The trend has taken over beauty TikTok in a big way, but what is slugging, how do you do it and does it have any benefits?
If you want to give slugging a go, it involves applying your usual moisturiser and then slathering a petroleum-based product like Vaseline over the top. Next, you leave it on overnight, with the idea being the Vaseline creates a protective barrier to keep moisture in.
The trend is thought to have originated in Korea as it’s a popular K-beauty skin hack, along with the likes of mirror skin. Everyone is after dewy, glowing and well-hydrated skin, and slugging seems to provide that. It’s no surprise then that the hashtag on TikTok now has 167 million views, with skincare fans desperate to achieve the look.

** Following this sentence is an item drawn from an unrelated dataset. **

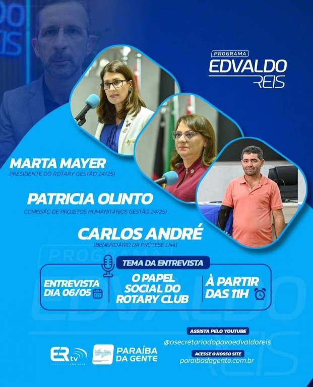 Nesta terça-feira (06), o programa Edvaldo Reis recebeu representantes do Rotary Club de Monteiro para uma entrevista especial sobre o impacto social das ações desenvolvidas pela instituição no Cariri paraibano. Em destaque, o projeto “Mãos Solidárias”, que promove a doação de próteses de mão para pessoas em situação de vulnerabilidade social.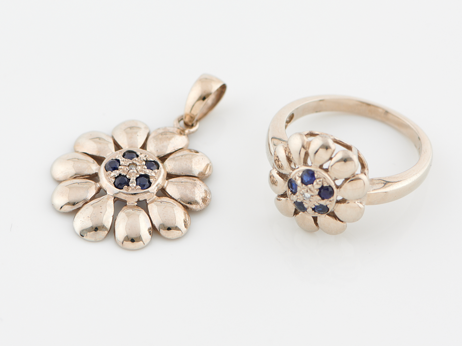 A SAPPHIRE AND DIAMOND JEWELLERY SUITE IN 9CT WHITE GOLD, INCLDUING A PENDANT AND RING, SIZE O

The name might not be glamorous, but fans of the trend rave about it. It might not be all that though, as dermatologists have shared videos warning of dangers behind the trend and that it might make your skin worse instead of the glow you’re hoping for.
Many have reported cases that pores become badly clogged thanks to the petroleum jelly, as skin cannot breathe with it. Spots and breakouts are caused when bacteria gets trapped in your pores, so wearing Vaseline for an extended time could worsen things.
It’s also not ideal for those with oily or greasy skin, as it can make you look even shinier. Many fans of the trend complain of dry and flaky skin, so those with combination or oily skin are advised to look elsewhere. Other people who have attempted the method complained of getting Vaseline in their hair and also ruining their bedsheets, as well as smearing it all over the place as they like to sleep on their side or front.
It’s also important to not just use petroleum jelly by itself, and apply a moisturiser that is suitable for your skin type first.
How often to do it is also up for debate, as some proponents of the method do it nightly, while some dermatologists say it should be limited to just once a week. Would you give this a go?